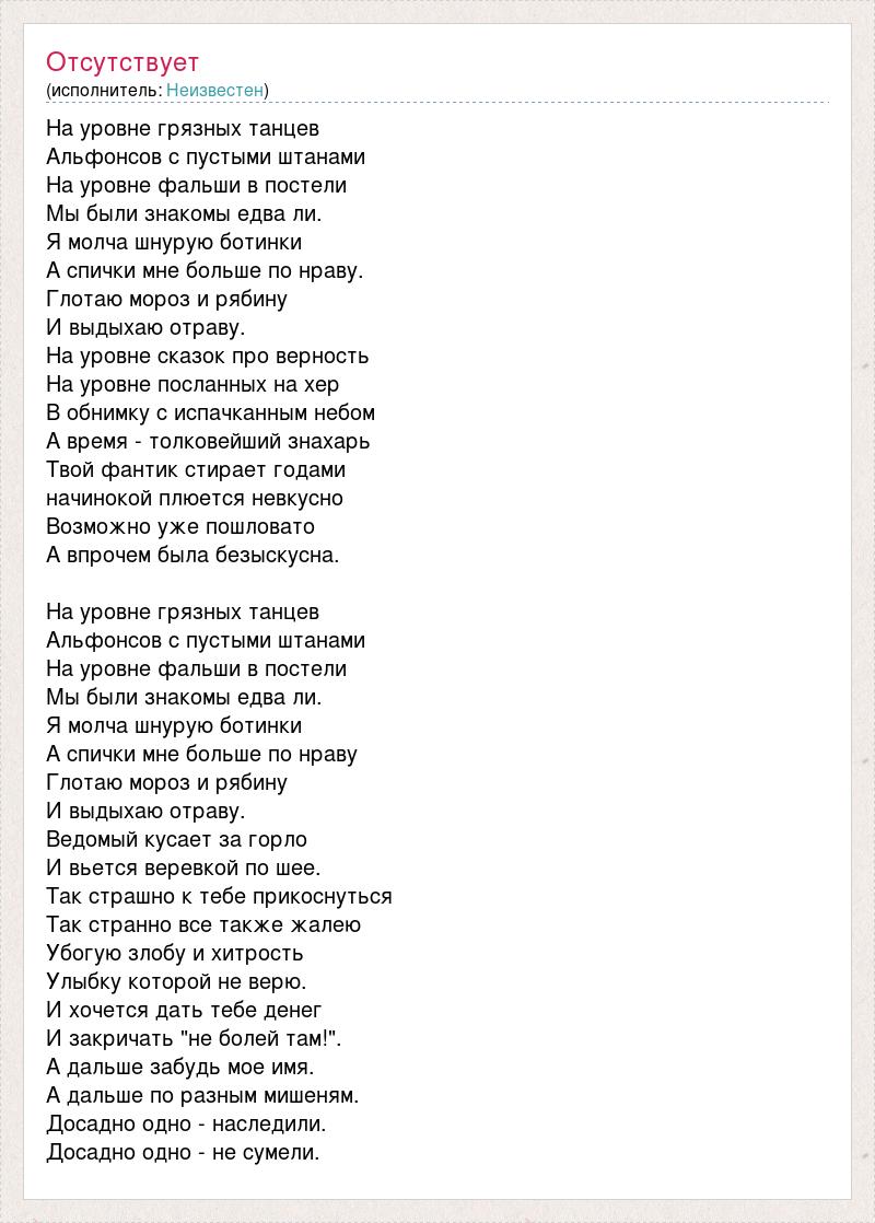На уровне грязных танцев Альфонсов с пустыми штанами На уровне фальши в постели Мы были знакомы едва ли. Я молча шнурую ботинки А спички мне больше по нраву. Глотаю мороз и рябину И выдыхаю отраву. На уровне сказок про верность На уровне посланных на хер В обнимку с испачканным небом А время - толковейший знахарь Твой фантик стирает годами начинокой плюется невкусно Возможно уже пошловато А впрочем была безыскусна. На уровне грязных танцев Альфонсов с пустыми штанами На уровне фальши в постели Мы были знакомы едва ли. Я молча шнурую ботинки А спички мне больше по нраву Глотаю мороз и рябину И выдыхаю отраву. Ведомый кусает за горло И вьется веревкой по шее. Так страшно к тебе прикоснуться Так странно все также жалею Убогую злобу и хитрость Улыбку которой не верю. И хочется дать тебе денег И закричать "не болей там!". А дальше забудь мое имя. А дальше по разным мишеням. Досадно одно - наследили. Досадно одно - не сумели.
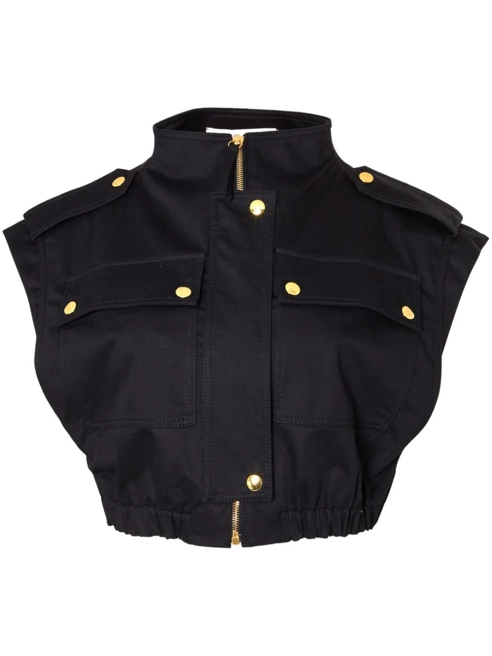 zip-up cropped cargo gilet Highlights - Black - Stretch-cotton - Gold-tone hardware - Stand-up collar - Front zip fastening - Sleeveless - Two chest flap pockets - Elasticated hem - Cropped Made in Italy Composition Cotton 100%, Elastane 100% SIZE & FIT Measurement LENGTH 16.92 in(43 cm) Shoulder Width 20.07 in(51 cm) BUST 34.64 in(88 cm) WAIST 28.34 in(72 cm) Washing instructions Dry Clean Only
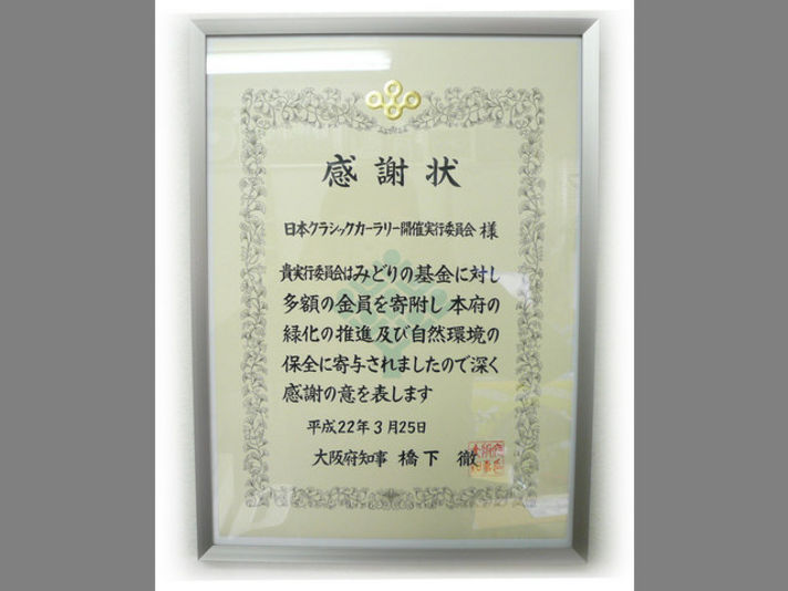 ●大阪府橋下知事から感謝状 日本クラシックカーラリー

• ASSIGNMENT:
Give the lines from the one containing "zip-up cropped cargo" through the last line of the material again, exactly and with no pictures, both ends included.

• RESULT FOR THIS EXERCISE:
 zip-up cropped cargo gilet Highlights - Black - Stretch-cotton - Gold-tone hardware - Stand-up collar - Front zip fastening - Sleeveless - Two chest flap pockets - Elasticated hem - Cropped Made in Italy Composition Cotton 100%, Elastane 100% SIZE & FIT Measurement LENGTH 16.92 in(43 cm) Shoulder Width 20.07 in(51 cm) BUST 34.64 in(88 cm) WAIST 28.34 in(72 cm) Washing instructions Dry Clean Only
 ●大阪府橋下知事から感謝状 日本クラシックカーラリー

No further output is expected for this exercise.